**STORED DATA**
################

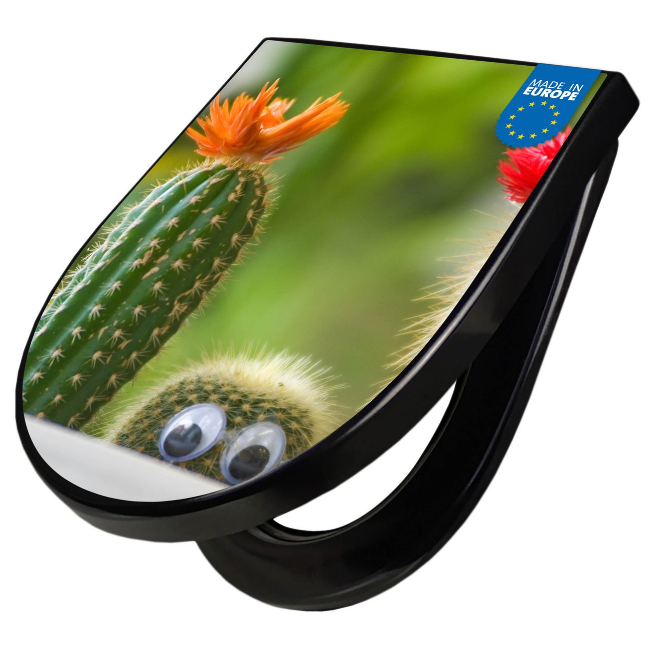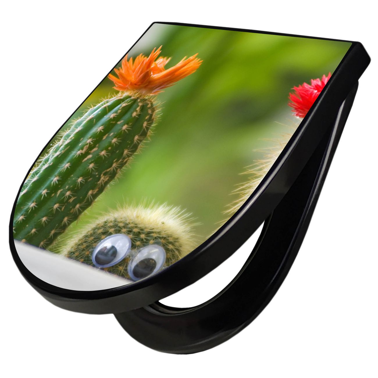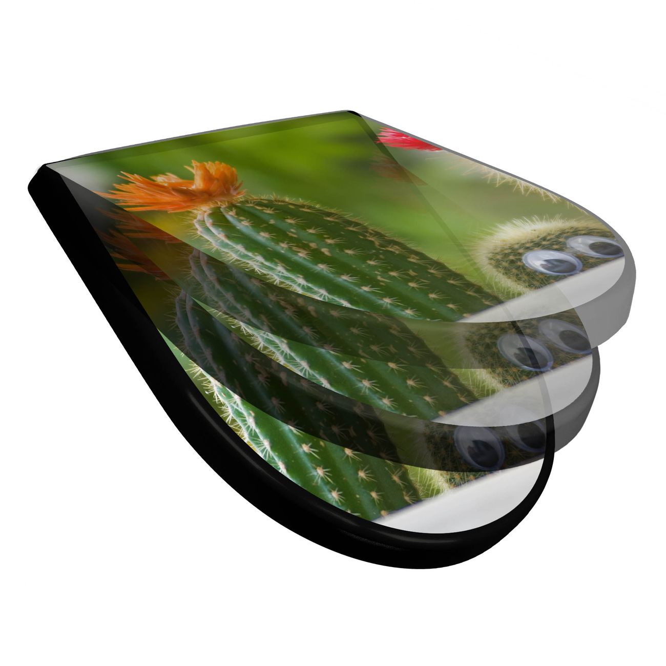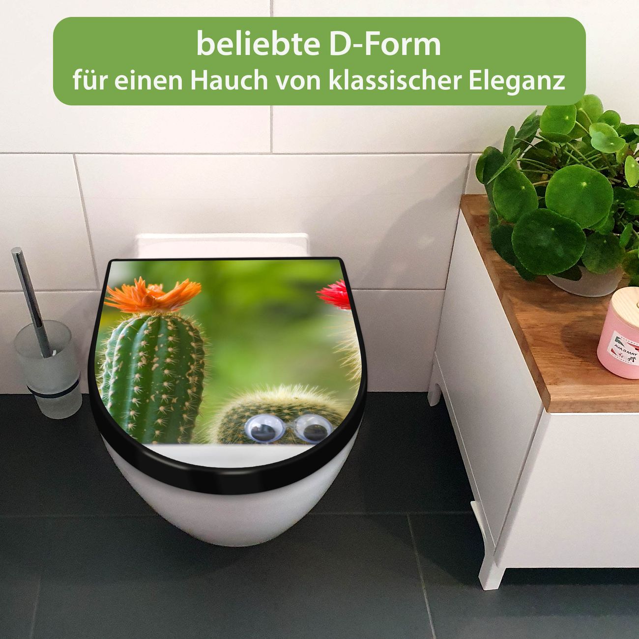 WC Sitz D-Form Schwarz mit Absenkautomatik Motiv Kakteen
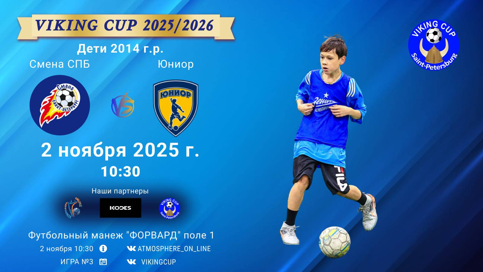 VIKING CUP среди команд 2014 г.р. (U11), Поле 1 2 ноября 2025 САНКТ-ПЕТЕРБУРГ, ФЦ "Форвард" ФК "СменаСПБ" - ФК "Юниор"/VIKING CUP, Игра №3, 02-11-2025 10:30
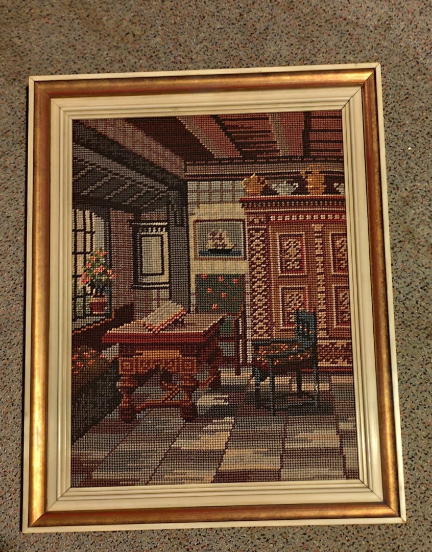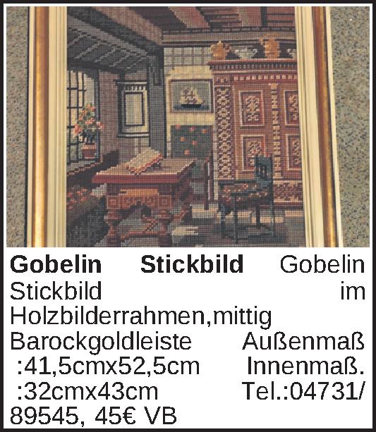 Gobelin Stickbild im Holzbilderrahmen,mittig BarockgoldleisteAußenmaß :41,5cmx52,5cm
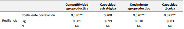 Por la falta de actitud de afrontamiento y adaptación de los caficultores para que asuman riesgos y tomar decisiones estratégicas se descubrió una correlación positiva moderada muy significativa entre la variable competitividad agroproductiva con la variable resiliencia; y de igual manera de la variable resiliencia con las dimensiones crecimiento agroproductivo y capacidad técnica. En otras palabras, una deficiente o sobresaliente resiliencia en los caficultores del centro poblado Cayumba influye en una deficiente o sobresaliente competitividad agroproductiva.

################

**ACTIVITY**
Only an exact copy is wanted: the lines from the opening of the material through the line that has "Gobelin Stickbild im", minus any pictures.

**RESULT OF THIS EXERCISE**
 WC Sitz D-Form Schwarz mit Absenkautomatik Motiv Kakteen
 VIKING CUP среди команд 2014 г.р. (U11), Поле 1 2 ноября 2025 САНКТ-ПЕТЕРБУРГ, ФЦ "Форвард" ФК "СменаСПБ" - ФК "Юниор"/VIKING CUP, Игра №3, 02-11-2025 10:30
 Gobelin Stickbild im Holzbilderrahmen,mittig BarockgoldleisteAußenmaß :41,5cmx52,5cm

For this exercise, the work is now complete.